Following the American Civil War, members of the Aztec Club held a series of meetings significant to its long-term survival, resulting in the club's evolution from a purely military society into a hereditary society that exists to this day. Under Robert Patterson's leadership, the club accomplished what few of its contemporaries did—the successful metamorphosis from a military society to a hereditary one. The subtle changes in membership criteria, from the admission of individuals who served in the war in any theater (1871) to successor membership (1875), and, shortly after Patterson's death, the admission of sons of officers disabled or killed in the Mexican War (1881) created the fabric from which hereditary membership was born. The Aztec Club evolved from a society of military comrades to an organization which first included sons of eligible but deceased officers, and eventually (after his death) became an association of lineal descendants. The archives of the Aztec Club are maintained at the U.S. Army Heritage and Education Center, located at United States Army War College at Carlisle, Pennsylvania.

In 1890, by an Act of Congress, members of the Aztec Club and other military societies founded by men "who served in the armies and navies of the United States in the War of the Revolution, the War of 1812, the Mexican War, and the War of the Rebellion, respectively" were thereafter authorized to wear the insignia of the club "upon all occasions of ceremonies by officers and enlisted men of the Army and Navy of the United States who are members of said organizations in their own right."

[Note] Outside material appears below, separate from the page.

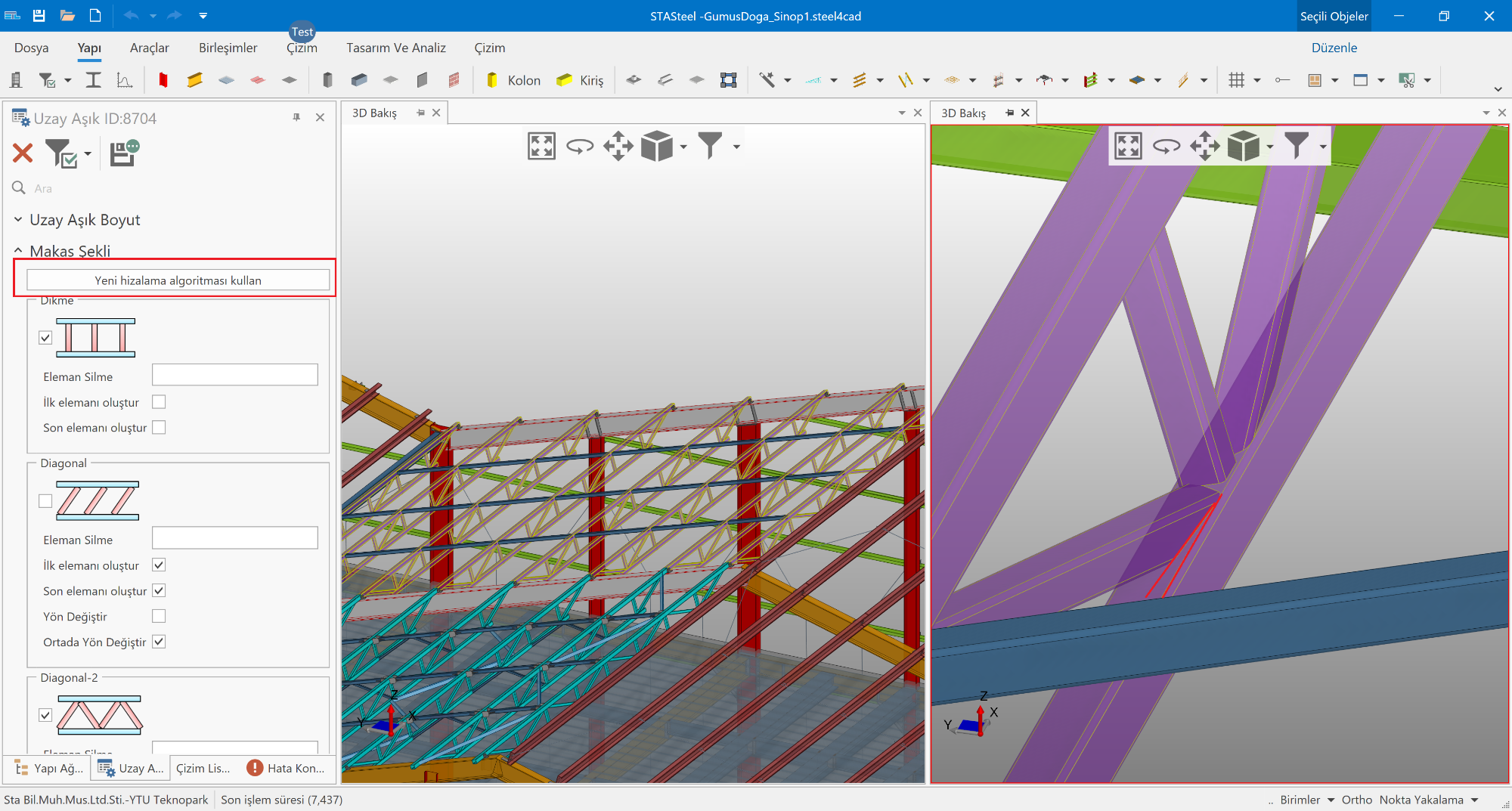 Modelleme ile ilgili kısımlar1)Genel makaslarda ve bunların kullanıldığı makas aşık gibi makrolarda makasların eğimli olduğu durumlarda çapraz elemanların açısal hizalanması ile ilgili sorun düzeltildi.

Reunions and meetings of the Aztec Club of 1847 have been held annually since 1867. With a current membership of about 425, the Aztec Club's chief goal today is to preserve and disseminate the history of the Mexican–American War.

Commemorating its sesquicentennial, on the morning of October 7, 1997, members of the Aztec Club assembled in Mexico City to embark on a ten-day trip following in near reverse the path that took Winfield Scott and his armies two years to travail. The year prior, when Mexican President Ernesto Zedillo learned of the trip he issued an official invitation to the Aztec Club to visit Chapultepec and committed to attend a formal banquet with the members.

The Aztec Club of 1847 still exists today, maintained by the descendants of the original members. In 2008, the Aztec Club of 1847 filed for trademark protection of its insignia and name which was granted by U. S. Patent and Trademark Office in 2010. The Aztec Club of 1847 is an approved and listed organization of The Hereditary Society Community of the United States of America.